From May 2010 to September 2010 Powell managed Ed Miliband's successful campaign for the Labour Party leadership. She then served as Miliband's acting and later deputy chief of staff from September 2010 to April 2012. She was selected by the local Constituency Labour Party (CLP) in April 2012 for the upcoming Manchester Central by-election, defeating local councillors Mike Amesbury (who became an MP in 2017) and Rosa Battle and the London councillor Patrick Vernon. 

The by-election was triggered by Tony Lloyd, who stepped down as its MP to contest the 2012 England and Wales Police and Crime Commissioner elections for Greater Manchester Police area.

Member of Parliament (2012–present)
Powell was elected at the Manchester Central by-election held in November 2012. She won the election with a majority of 9,936 votes. 

Voter turnout of 18.2% at the by-election is believed to be the lowest in a by-election since the Second World War. Powell became Manchester's first female Labour member of parliament and the first woman elected from Manchester since 1964.

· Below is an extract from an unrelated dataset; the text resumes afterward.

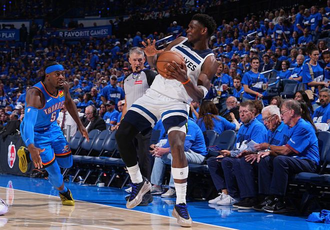 森林狼的比赛过程非常不稳定,举两个例子,球队核心爱德华兹,本赛季在场时百回合净效率值+4.4,他不在场时球队净效率值+7.8,于是On-Off值是-3.4。球队名义上唯一的控卫康利,确实老了,打不动了,On-Off值是-6.8,本赛季已经退化到场均5.5分3.2助攻。森林狼矮子里拔将军,将迪文岑佐推到球队控卫位置上,场均13.7分3.7助攻,除了一个兰德尔,森林狼没有真正的组织点。好的方面在于,他们确实打得很坚韧,球队两项命中率也都在联盟前五之列,但他们这种打法消耗太大,高端局节奏会很乱。

Powell first joined the opposition front-bench in October 2013 as Shadow Childcare and Early Years Minister, and entered the Shadow Cabinet in November 2014 as Shadow Cabinet Office Minister.

Powell was appointed vice-chair of the 2015 general election campaign by Ed Miliband, in which Labour suffered a net loss of 26 seats, including a net loss of 40 seats in Scotland. She was heavily criticised for apparently suggesting that Labour's election pledges were liable to be broken: in talking about the so-called EdStone, she commented: "I don't think anyone is suggesting that the fact that he's carved them into stone means that he is absolutely not going to break them or anything like that." She said that she had been quoted out of context. She was responsible for Ed Miliband's interview with Russell Brand, described as a PR blunder. As a result of these actions coupled to the result, Tanya Gold, writing for The Sunday Times, described her as "discredited". In response to the result, Powell stated, "I bear my share of responsibility in this".

In the 2015 Labour Party leadership election, she nominated Andy Burnham.

Powell was appointed as Shadow Education Secretary on 13 September 2015 by Jeremy Corbyn, succeeding Tristram Hunt. As Shadow Education Secretary, she argued for bringing free schools and academies under Local Education Authority control. She resigned from the Shadow Cabinet on 26 June 2016, along with dozens of shadow cabinet colleagues unhappy with Corbyn's leadership. She supported Owen Smith in the 2016 Labour leadership election. However, she later stated that, "We were wrong about Jeremy Corbyn" in an interview following the 2017 general election.

In September 2017, the political commentator Iain Dale placed Powell at Number 81 in The 100 Most Influential People on the Left.

In September 2018, Powell introduced legislation in the House of Commons to ban secret, private, invite-only groups on Facebook and hold moderators legally responsible for hate speech or defamation on forums. She is a member of Labour Friends of Israel.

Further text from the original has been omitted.